What do you mean Machine Translation isn’t the same as Google Translate?
Despite its increasingly commonplace presence in the localization market, machine translation (MT) still cannot quite escape the stigma which Google Translate (GT) has unwittingly created. Certainly in my experience of talking to localization buyers about machine translation, it is remarkable how often people will tend to conflate the two and refer to them synonymously, as if they were the very same beast. In some ways this is unsurprising since the sheer dominance of Google (for a lot of the world, at least ) invariably leads many to think: “well, if that’s the best that Google can come up with then I may as well just give up looking…”

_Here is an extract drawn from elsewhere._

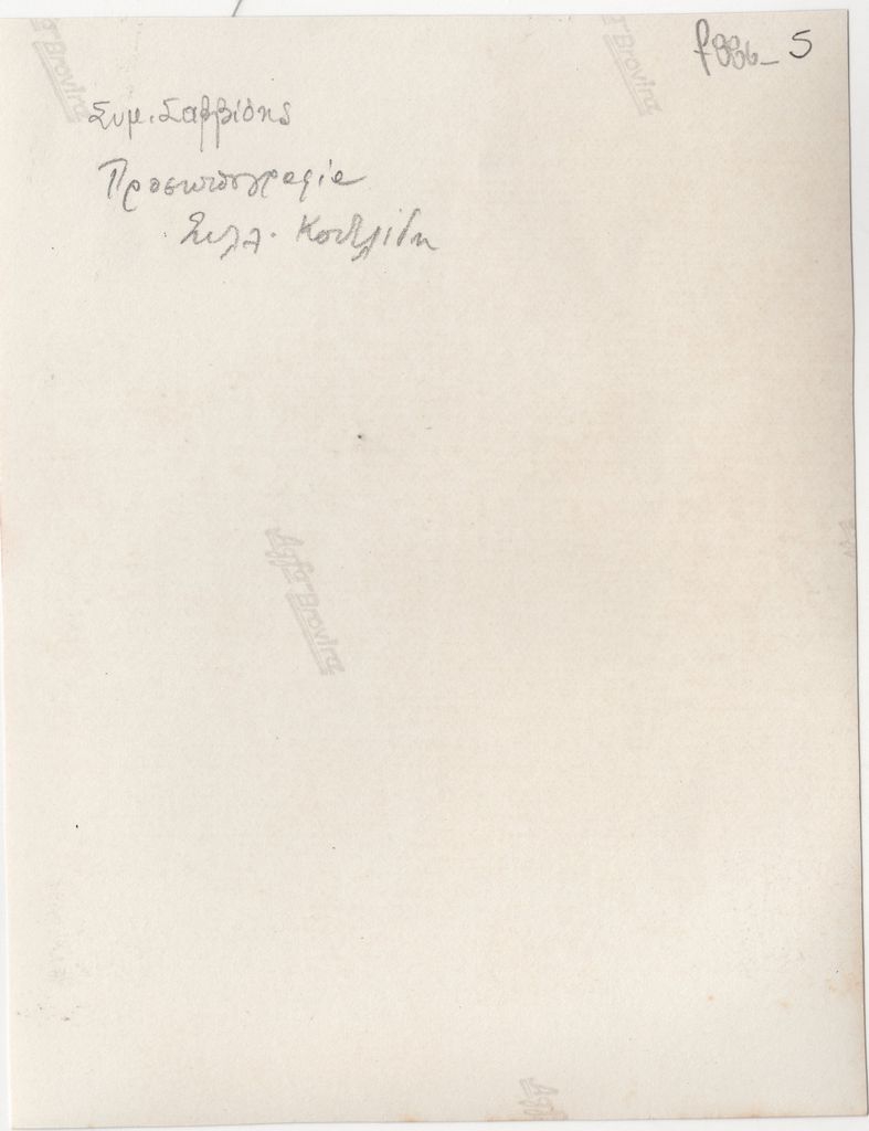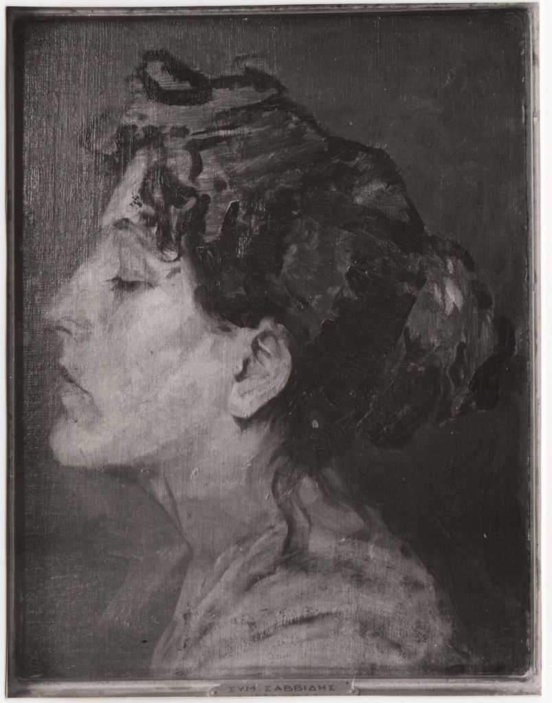 Φωτoγραφία, α/μ, φωτογραφικό χαρτί, 15,3×12,0 εκ. Αναπαραγωγή του έργου του Συμεών Σαββίδη «Προσωπογραφία». Στην πίσω όψη, επιγραφή με τα στοιχεία του έργου.

Here, it is important to clear up the misconceptions concerning Google Translate and indeed machine translation in general. Yes okay, it is true: Google Translate is an example of a machine translation system; to be more precise it is an example of a statistical machine translation (SMT) system. But please don’t be disheartened by machine translation as a whole if you happen to process some of your web content for translation via GT, say in French, and then publish it for your French market (without having it reviewed by a native French speaker) only to receive a stream of email invective from irate partners and customers denouncing whichever translation agency you used to produce these translations. What else would you expect from a SMT system which has not been customized for any particular industry domain, but instead has been built using any publicly available data between language pairs? And if you’ve chosen to publish client-facing content which has been translated by Google Translate without incorporating any form of human editing, then you really do not have my sympathy, and you should not be laying the blame at the feet of machine translation for your own mistakes.
Machine translation is capable of a heck of a lot. It is certainly possible to tailor machine translation systems to your company’s content, which is not the case with Google Translate. This is the key difference between GT and customizable MT systems available on the market. By training MT systems using your company’s bilingual data (predominantly in the form of translation memories, glossaries, and dictionaries), you can actually build yourself quite a nifty tool for your localization workflow which can not only help reduce time to market for your content, but will also lower production costs for localizing material. Which in turn means you can then afford to localize more material that was previously considered too low a priority to warrant partial allocation of your precious localization budget.
Sounds great, doesn’t it?
But here it’s important to temper your excitement slightly. Please set yourself realistic expectations and ensure that you take a sensible approach. Machine translation can provide very good *literal* translations of content. Your marketing material that requires a more creative linguistic touch is certainly not suitable for machine translation, and you should really rule out considering machine translation for such content. However, for user manuals, help files, or other technical documents which contain very repetitive content and would generally contain minimal syntactic variety, MT should certainly be in your considerations.
Building a MT system also requires thorough engagement of technical expertise and a process-oriented structure which can only be realistically managed by a team of human resources . When built properly, it can certainly be an aid to translators in their work. It is worth making the point explicit: much in the same way that translation memories are now considered an indispensable technical resource for translators in your existing localization workflow, machine translation must be seen in the same way. In the overwhelming majority of cases, you will require human editing of your translated content to ensure it is of publishable standards. And if you keep feeding post-edited content back into your system during incremental training cycles, then the quality of your system will only improve with time. Which means your linguists will have to make less corrections in the post-editing phase and you can therefore get more content translated at faster and cheaper rates and will have done your bit for removing the stigma of Google Translate from machine translation!